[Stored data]
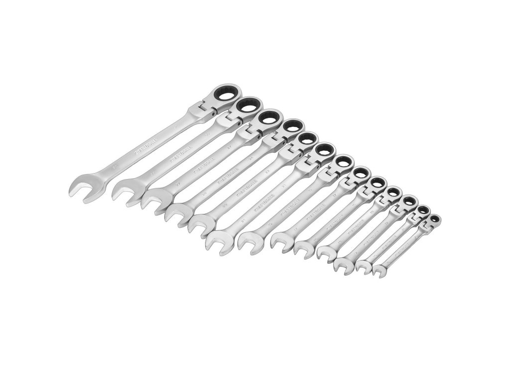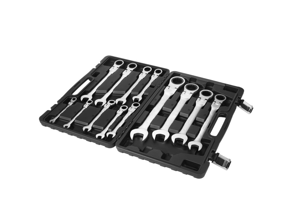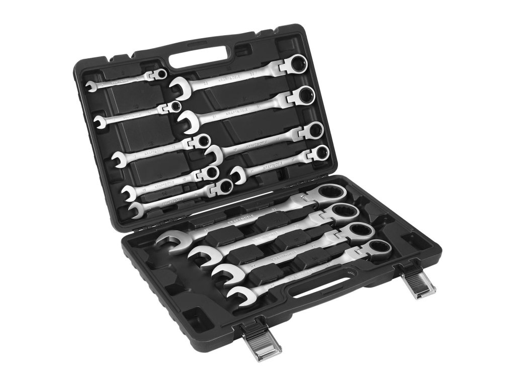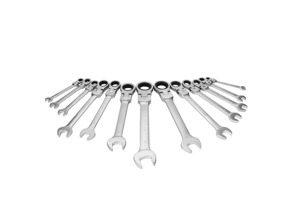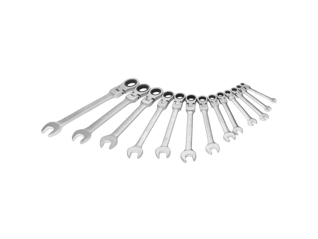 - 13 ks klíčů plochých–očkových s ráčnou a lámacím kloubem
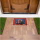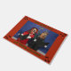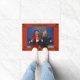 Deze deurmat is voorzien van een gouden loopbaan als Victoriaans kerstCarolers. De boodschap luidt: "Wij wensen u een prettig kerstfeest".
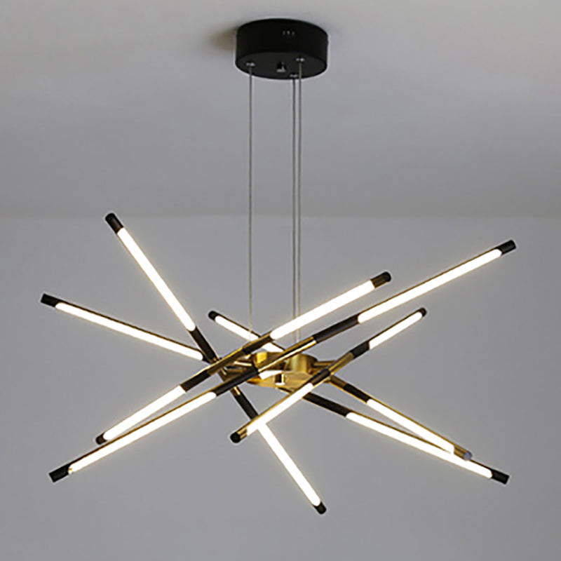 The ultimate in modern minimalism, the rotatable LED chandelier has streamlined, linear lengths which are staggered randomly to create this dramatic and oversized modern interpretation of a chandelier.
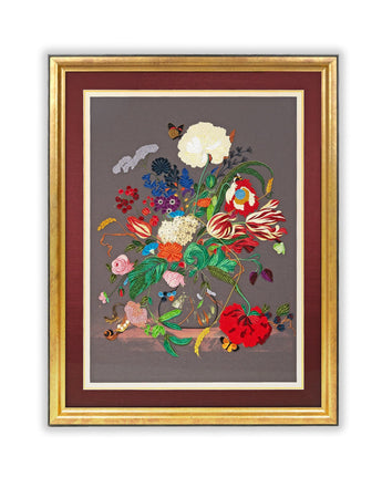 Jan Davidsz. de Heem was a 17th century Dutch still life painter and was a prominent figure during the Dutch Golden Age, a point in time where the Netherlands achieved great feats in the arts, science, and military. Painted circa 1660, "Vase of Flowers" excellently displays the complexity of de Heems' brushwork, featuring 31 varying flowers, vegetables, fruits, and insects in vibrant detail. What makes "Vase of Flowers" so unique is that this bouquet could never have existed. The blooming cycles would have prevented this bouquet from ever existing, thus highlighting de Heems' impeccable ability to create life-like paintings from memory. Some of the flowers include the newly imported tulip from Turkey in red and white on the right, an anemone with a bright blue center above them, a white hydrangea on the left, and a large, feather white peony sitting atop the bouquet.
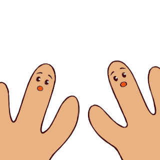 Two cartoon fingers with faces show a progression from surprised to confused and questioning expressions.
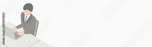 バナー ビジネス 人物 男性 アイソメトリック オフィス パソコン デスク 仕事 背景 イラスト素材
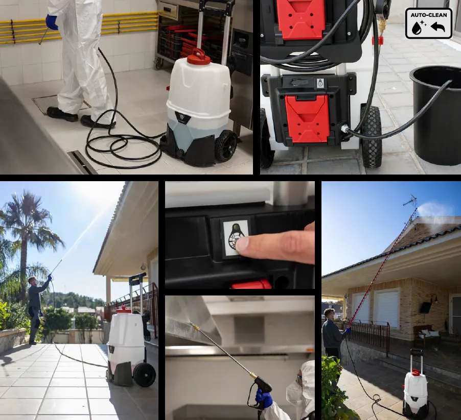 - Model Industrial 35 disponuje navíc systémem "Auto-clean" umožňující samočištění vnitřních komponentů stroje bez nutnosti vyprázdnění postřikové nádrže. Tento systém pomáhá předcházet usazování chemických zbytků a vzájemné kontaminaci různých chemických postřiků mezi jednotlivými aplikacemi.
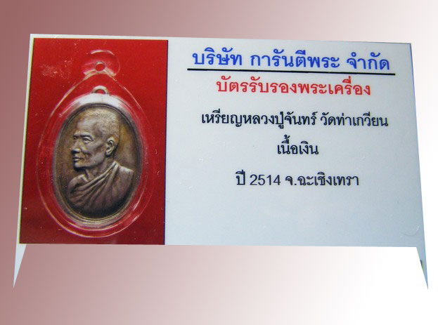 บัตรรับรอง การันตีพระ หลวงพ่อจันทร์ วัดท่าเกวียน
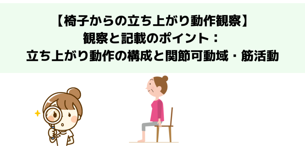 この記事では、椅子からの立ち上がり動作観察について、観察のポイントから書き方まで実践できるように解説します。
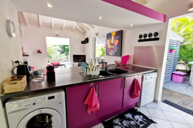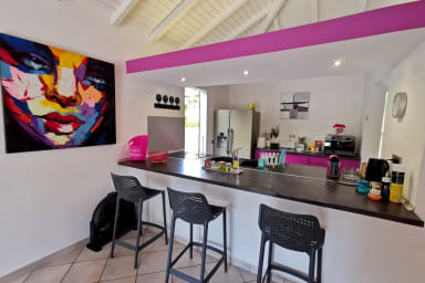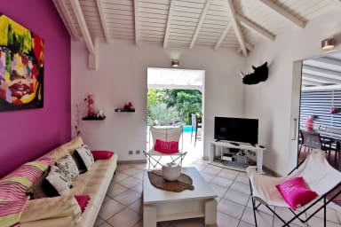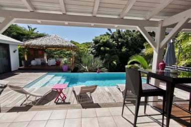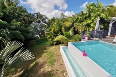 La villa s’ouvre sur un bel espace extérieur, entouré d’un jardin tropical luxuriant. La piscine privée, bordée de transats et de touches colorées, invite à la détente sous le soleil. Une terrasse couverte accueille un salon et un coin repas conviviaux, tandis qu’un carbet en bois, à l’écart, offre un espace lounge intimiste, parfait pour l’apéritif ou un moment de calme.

### What to work on
Could you transcribe exactly the lines from the one with "Two cartoon fingers" through the end of the data, both ends included, and nothing else, skipping the pictures?

### Response to this task
 Two cartoon fingers with faces show a progression from surprised to confused and questioning expressions.
 バナー ビジネス 人物 男性 アイソメトリック オフィス パソコン デスク 仕事 背景 イラスト素材
 - Model Industrial 35 disponuje navíc systémem "Auto-clean" umožňující samočištění vnitřních komponentů stroje bez nutnosti vyprázdnění postřikové nádrže. Tento systém pomáhá předcházet usazování chemických zbytků a vzájemné kontaminaci různých chemických postřiků mezi jednotlivými aplikacemi.
 บัตรรับรอง การันตีพระ หลวงพ่อจันทร์ วัดท่าเกวียน
 この記事では、椅子からの立ち上がり動作観察について、観察のポイントから書き方まで実践できるように解説します。
 La villa s’ouvre sur un bel espace extérieur, entouré d’un jardin tropical luxuriant. La piscine privée, bordée de transats et de touches colorées, invite à la détente sous le soleil. Une terrasse couverte accueille un salon et un coin repas conviviaux, tandis qu’un carbet en bois, à l’écart, offre un espace lounge intimiste, parfait pour l’apéritif ou un moment de calme.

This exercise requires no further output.